La falsa felicidad, los vicios
La falsa felicidad es aquella que nos promueven a través de la cultura familiar, el tipo de información que recibimos a través de la televisión, la música, el cine y las relaciones sociales que sostenemos a través de nuestras vidas van formando un patrón de creencia donde se crea la creencia de que la felicidad está en la riqueza, en fumar su buen cigarrillo o beberse una buena copa de alcohol.
Nos venden la idea de que la felicidad está en fumarse un cigarrillo después de beberse a un café, tomarse un par de copas de alcohol en una cafetería o ir a dar unas buenas vacaciones en un lugar emocionante.
Los vicios y la felicidad
Deber una copa de vino no está mal lo que realmente está mal son los excesos. Cuando la persona pierde la capacidad de razonar claramente entra en un terreno muy peligroso donde no es solamente consciente ni de lo que hacen ni de lo que dice. Es una sustancia que altera tu mente de manera negativa poniendo en peligro la vida de la persona si debe luego tomar el vehículo para conducir hacia su hogar. Pone su vida en peligro y también la de otras personas.
El beber en exceso y fumar son señales de una persona que no es feliz. Todos sabemos que una persona plenamente feliz no va a sentir la necesidad en adoptar hábitos tóxicos que perjudican su cuerpo.
Una persona que fuma o bebe en exceso está tratando de llenar una carencia o vacío interior. Hay un problema no resuelto que trata de anestesiar mediante el tabaco o el alcohol.
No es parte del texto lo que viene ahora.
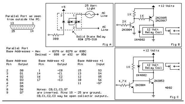 Aquí hay tres ejemplos de control de un relé desde el puerto de impresora paralelo de la PC (LPT1 o LPT2). La figura A muestra un relé de estado sólido controlado por una de las líneas de datos del puerto paralelo (D0-D7) con una fuente de alimentación 300 ohmios resistencia y 5 voltios. Se energizará el relé de estado sólido cuando se escribe un "0" en la línea de datos. Figura B y C muestran relés mecánicos controlados por dos transistores. Se energiza el relé de la figura B cuando se escribe un "1" en la línea de datos y el relé en la figura C es energizado por escribir un "0" a la línea. En cada uno de los tres circuitos, se realiza una conexión común del lado negativo de la fuente de alimentación a uno de los pines de tierra de puerto (18-25).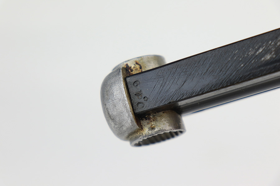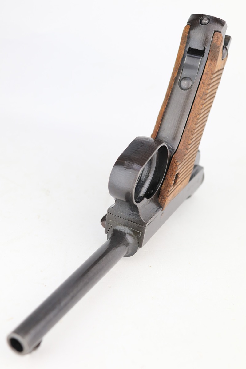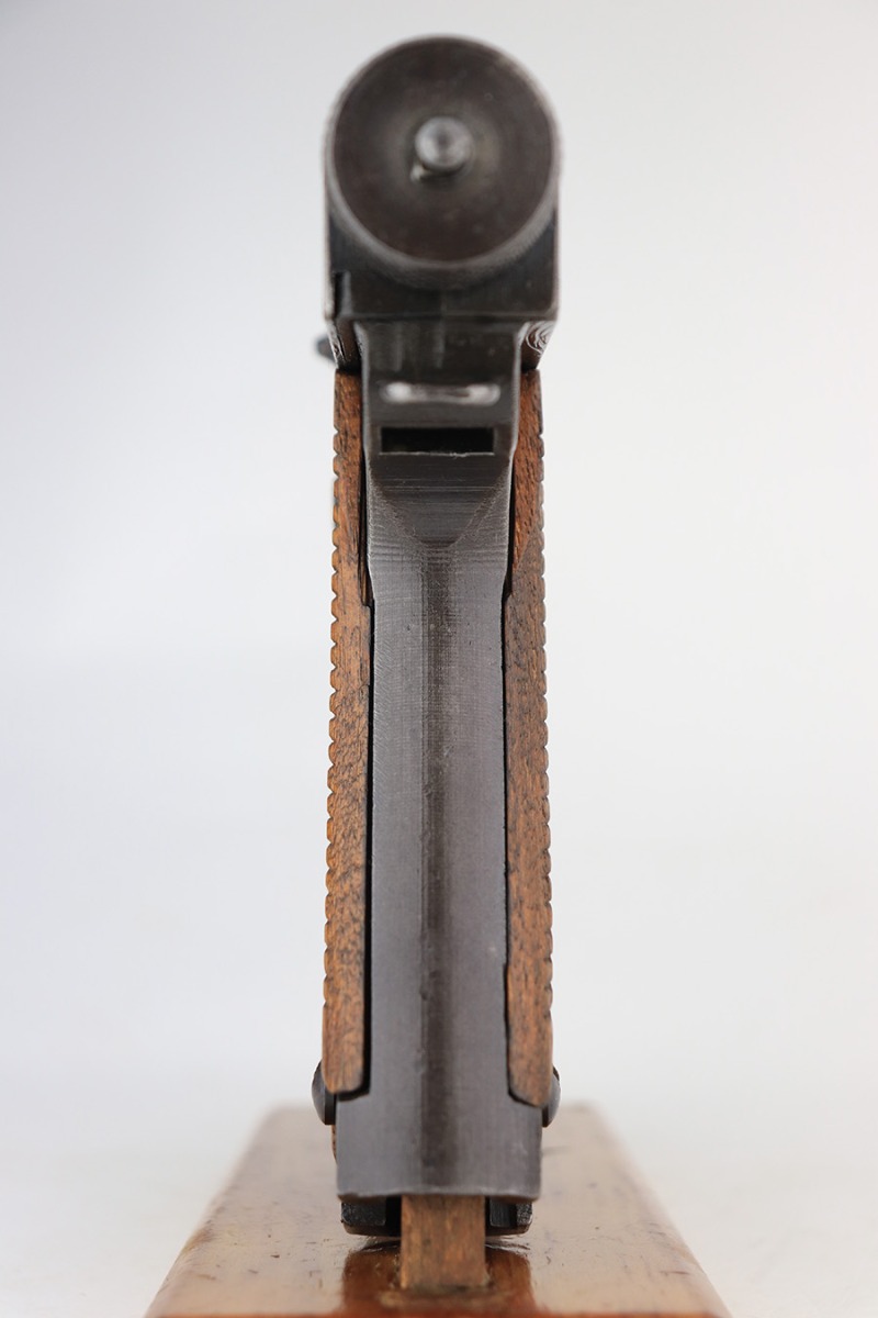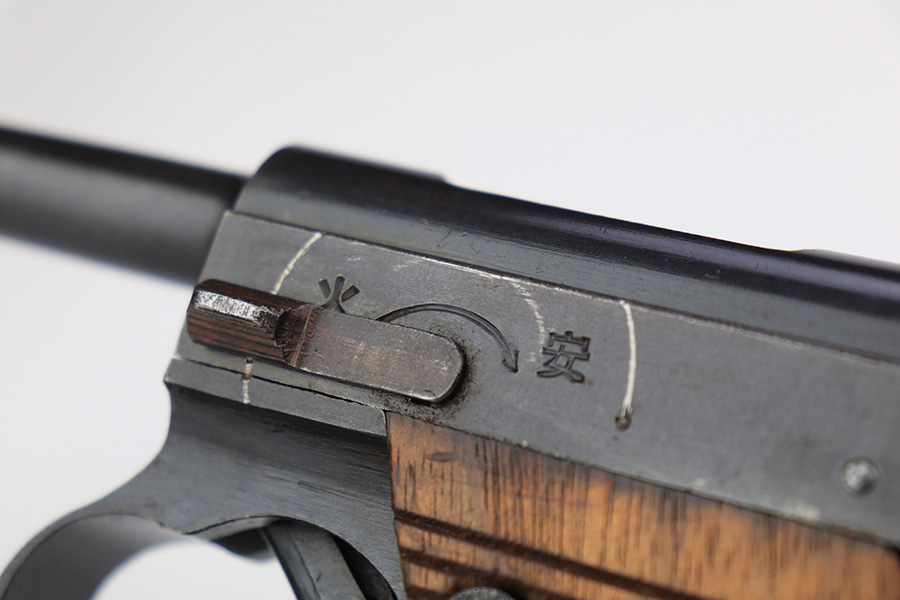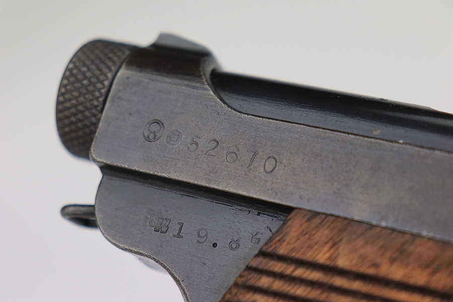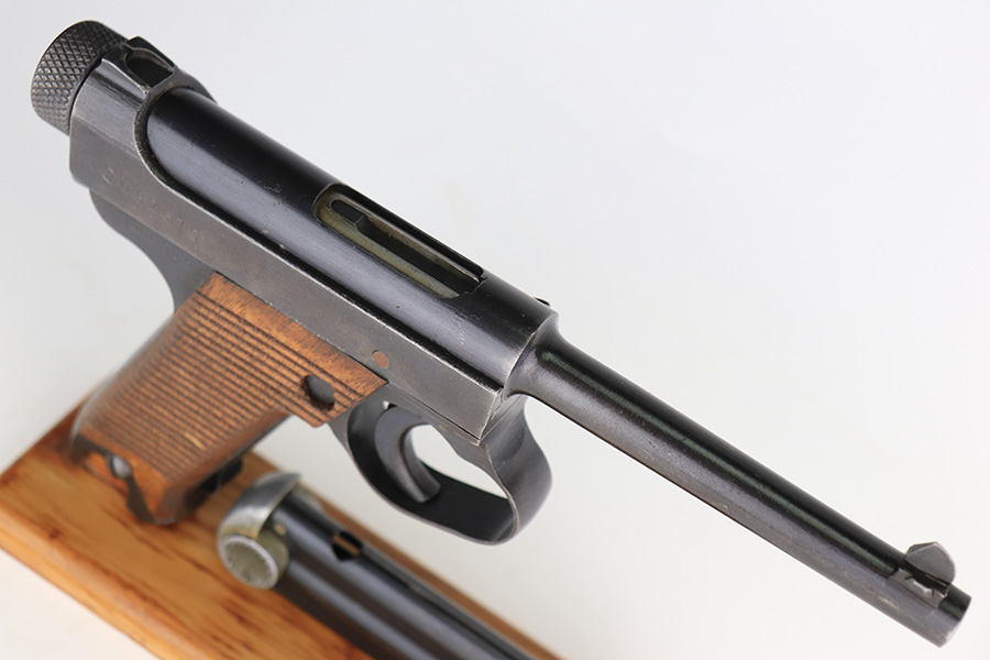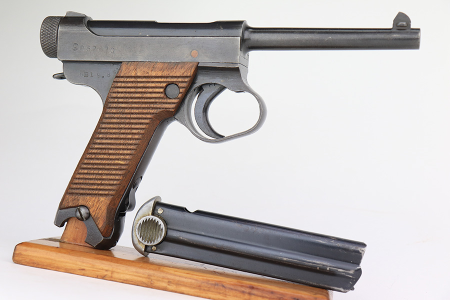 3/14/23 – This is an excellent example of a Nambu Type 14 issued to the Japanese military in August of 1944. It is all matching and comes with one original matching-numbered magazine. It has retained about 96-97% of its original finish with very minor thinning on the grip straps and on both sides of the frame. Excellent matching-numbered wood grips. Excellent bore with strong rifling.

Las personas ven estos hábitos dañinos como su salvación sienten que allí han encontrado un poco de tranquilidad pero es una tranquilidad disfrazada que antes o después se cobra la factura.
Beberse una copa de alcohol no tiene nada de malo pero cuando caemos en los excesos es cuando los sistemas de alarma se disparan diciendo que hay algo que sanar en nuestro interior.
Cuando una persona tiene un problema con el alcohol o fuma o se droga es una persona que no tiene una relación sana consigo misma.
Es una persona que tiene pensamientos negativos hacia sí misma. No tiene una relación sana consigo misma a través de sus pensamientos y en la manera que se proyecta hacia los demás.
Los vicios son el detonante de un alma que necesita sanar la relación que tiene consigo misma. Hay una falta de amor propio en todas aquellas personas que eligen los vicios y los hábitos tóxicos y negativos que perjudica a su salud física.
Para sanar estos vicios y esta dependencia de alcohol hay que cambiar la manera en que nos relacionamos con nosotros mismos con Dios y con los demás.
Una persona que continua con este hábito es porque está totalmente convencida de que necesita continuar con ese hábito en su vida y hasta que siga creyendo afirmando que realmente lo necesita seguirá en ese círculo tóxico.
El primer paso para alejarse de los vicios es primero reconocerlo.
Es importante reconocer que estamos utilizando hábitos que perjudican nuestra salud y mientras la persona no tenga la capacidad de reconocerlo no podrá salir de allí.
La segunda cosa importante es reconocer que no necesita recurrir a ese hábito tóxico para estar bien.
Las personas se tienen que convencer de que no lo necesita absolutamente. Cuando la persona esté totalmente convencida de que no lo necesita el cuerpo se va a alinear con esa creencia y va a responder de manera congruente.
Si tú estás completamente convencido de que no necesitas fumar o no necesitas beber alcohol en exceso tu cuerpo no te lo va a pedir porque tú ya le has dado una orden mental a través de la convicción que tienes de que no necesitas fumar o beber en exceso para estar bien.
Cuando primero se hace reconocimiento de que estamos ante un hábito tóxico que puede destruir nuestra salud y luego puede aceptar que no necesita esos hábitos negativos para estar bien entonces es cuando el cambio empieza a dar sus frutos.
Otro aspecto importante que la persona tiene que trabajar es la manera en que se habla a sí misma.
Generalmente las personas son muy crueles consigo mismas y mantienen un diálogo interno muy negativo de sí mismas y eso genera emociones negativas que luego pueden hacer que la persona siga en el círculo vicioso de los hábitos negativos. Los hábitos negativos vienen siendo su manera de escapar de esas emociones negativas que son generadas por esos pensamientos negativos que tiene hacia sí mismo.
Las personas pueden tener pensamientos relacionados con sentirse un fracaso también pueden estar abrumados por preocupaciones, estrés, ansiedad y miedos. Todo esto provoca un estado emocional desequilibrado donde la persona no sabe como defenderse de todas esas emociones negativas y fácilmente cae en el círculo vicioso de los vicios.